7. The apparatus of claim 6, further comprising: means for
determining the partition based on the network adapter.
8. The apparatus of claim 6, further comprising: means for
determining the partition based on an address in the power-on
packet.
9. The apparatus of claim 6, wherein the network adapter comprises
a physical adapter.
10. The apparatus of claim 6, further comprising: means for
determining a type of power required by the network adapter.
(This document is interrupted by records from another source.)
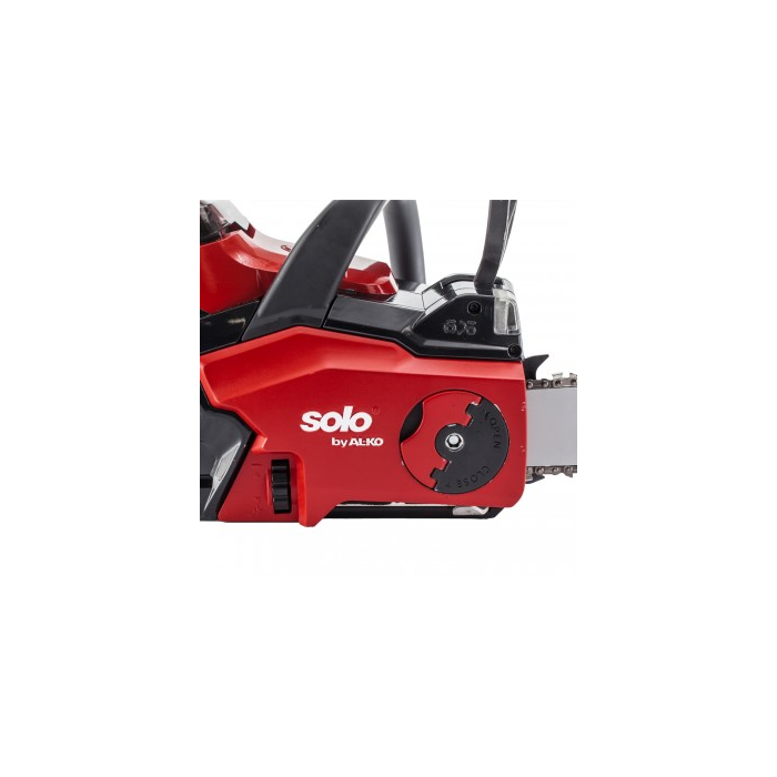 Akumulátorová reťazová píla solo® by AL-KO CS 3635. Ľahko použiteľný napínač reťaze bez použitia náradia. Dodatočná možnosť otvárania bočného krytu pomocou šesťhranného kľúča. Digitálny, podsvietený informačný displej pre prevádzkové stavy. Napájané silnou 36 V Li-Ion batériou (možné 2,5 / 4 / 5 a 8 Ah). Batéria a nabíjačka nie sú súčasťou balenia. Silný rezný výkon vďaka vysokej rýchlosti reťaze 24 m/s.
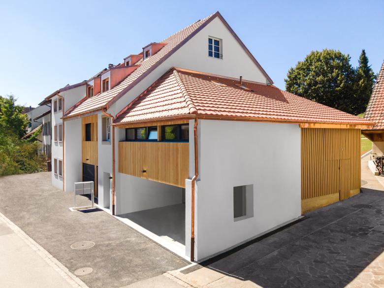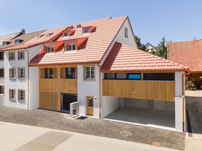 Das bestehende, zum Ortskern gehörende Haus, wurde bis auf sei-ne Aussenmauer abgebrochen und neu erstellt. Das Mehrfamilien-haus wahrt die charmante Fassade zur Strassenseite, bietet auf der Rückseite ansprechende Aussenflächen und überzeugt mit einem modernen und zeitlosen Innenausbau. Insgesamt entstehen vier Wohneinheiten mit 3.5 bis 4.5 Zimmern. Zwei Wohnungen befinden sich im Obergeschoss mit Zugang vom Balkon in dem privaten Gartenanteil. Zwei weitere Einheiten werden als Maisonettewohnungen im Dach-/ Dachspitzgeschoss ausgebaut und verfügen ebenfalls über je einen überdachten Balkon. Im Erdgeschoss des Hauses befinden sich die Bewohner- und Besucherparkplätze, die Kellerräume sowie zwei Hobbyräume.
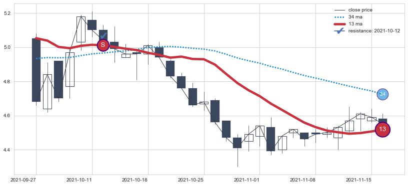 下跌趋势2021-09-27-2021-11-16,均线13确认关键阻力1处
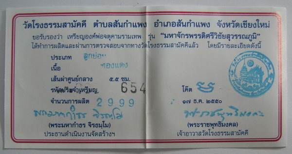 จตุคามรามเทพ รุ่น มหาจักรพรรดิ์ศรีวิชัยสุวรรณภูมิ เหรียญบาตรนํ้ามนต์ เนื้อทองแดง ขนาด 5.5 ซ.ม. เข้มขลังดุดัน และ อ่อนช้อย หมาบเลขกำกับเหรียญ 654 สภาพคัดสวย รายการที่ H 587 ราคาเช่าบูชากรุณาโทรสอบถาม นี่คืออีกหนึ่งผลงานของช่างเม้าท์ จำนวนการสร้าง 2,999 องค์
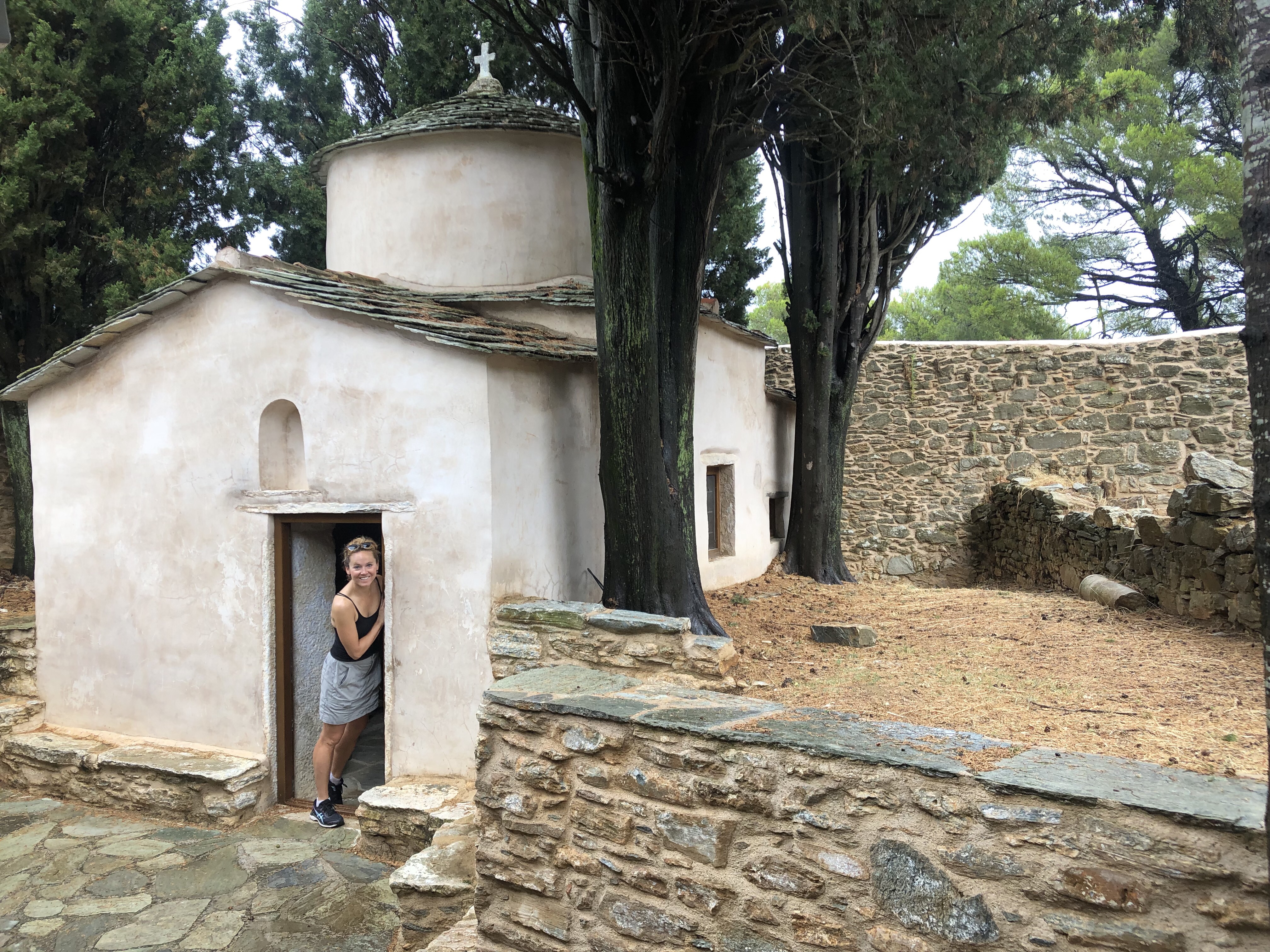 The next morning it poured down rain, ruining my plans to hike to the Agios Ioannis church at Kastri, made famous by Mamma Mia. Instead we opened the windows and got back into bed. We journeyed out after the storm to the tiny temple of Taxiarches, surrounded by fir trees and totally empty. It was a beautiful place, made even more so thanks to the total silence. We only saw each other and four-legged friends on our three hour trip. It was the perfect lead-up to a week with friends in Skiathos-town, where quiet and rest weren’t on top of anyone’s list of priorities.
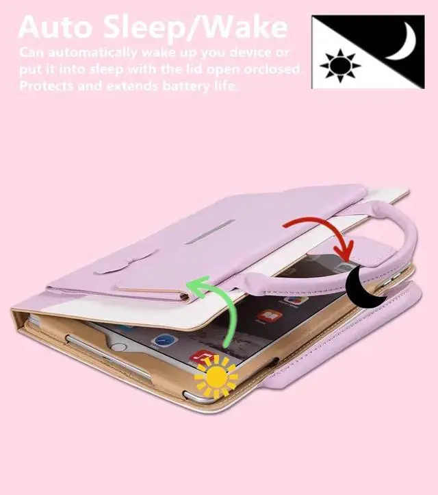 ^^ [Built-in kickstand]: with three anti-slip stripes design, this handbag case allows you to adjust the iPad to multiple angles securely. so you can read or watching videos comfortably hands-free.
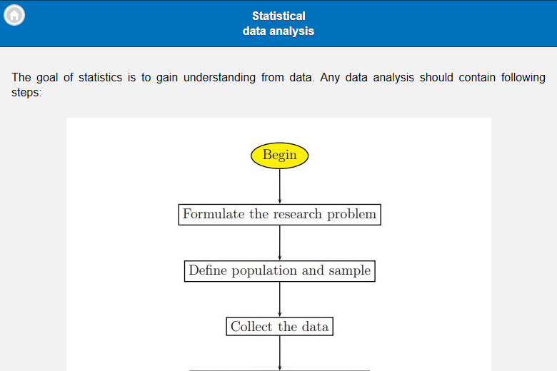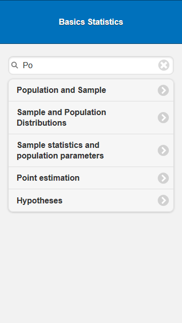 Это базовое статистическое приложение имеет удобный интерфейс с возможностью поиска по темам. Это обогащает информацией. Пошаговое руководство и пример включают в это приложение.

11. A signal-bearing medium encoded with instructions, wherein the
instructions when executed comprise: configuring remote power-on
support in a network adapter; determining a type of power required
by the network adapter; detecting that the network adapter received
a power-on packet; and powering on a partition in a
logically-partitioned computer in response to the power-on
packet.
12. The signal-bearing medium of claim 11, further comprising:
determining the partition based on the network adapter that
received the power-on packet.
13. The signal-bearing medium of claim 11, further comprising:
determining the partition based on an address in the power-on
packet.
14. The signal-bearing medium of claim 11, further comprising:
turning on power to the network adapter if the power type is full
power.
15. The signal-bearing medium of claim 11, wherein the powering on
the partition further comprises: starting an operating system
associated with the partition.
16. A computer system having a plurality of logical partitions, the
computer system comprising: at least one processor; and memory
encoded with instructions, wherein the instructions when executed
on the at least one processor comprise: configuring remote power-on
support in a network adapter if the network adapter supports a
power-on packet, determining a type of power required by the
network adapter, detecting that the network adapter received the
power-on packet, and powering on a first partition of the plurality
of partitions in response to the power-on packet.
17. The computer system of claim 16, wherein the instructions
further comprise: determining the first partition based on the
network adapter that received the power-on packet.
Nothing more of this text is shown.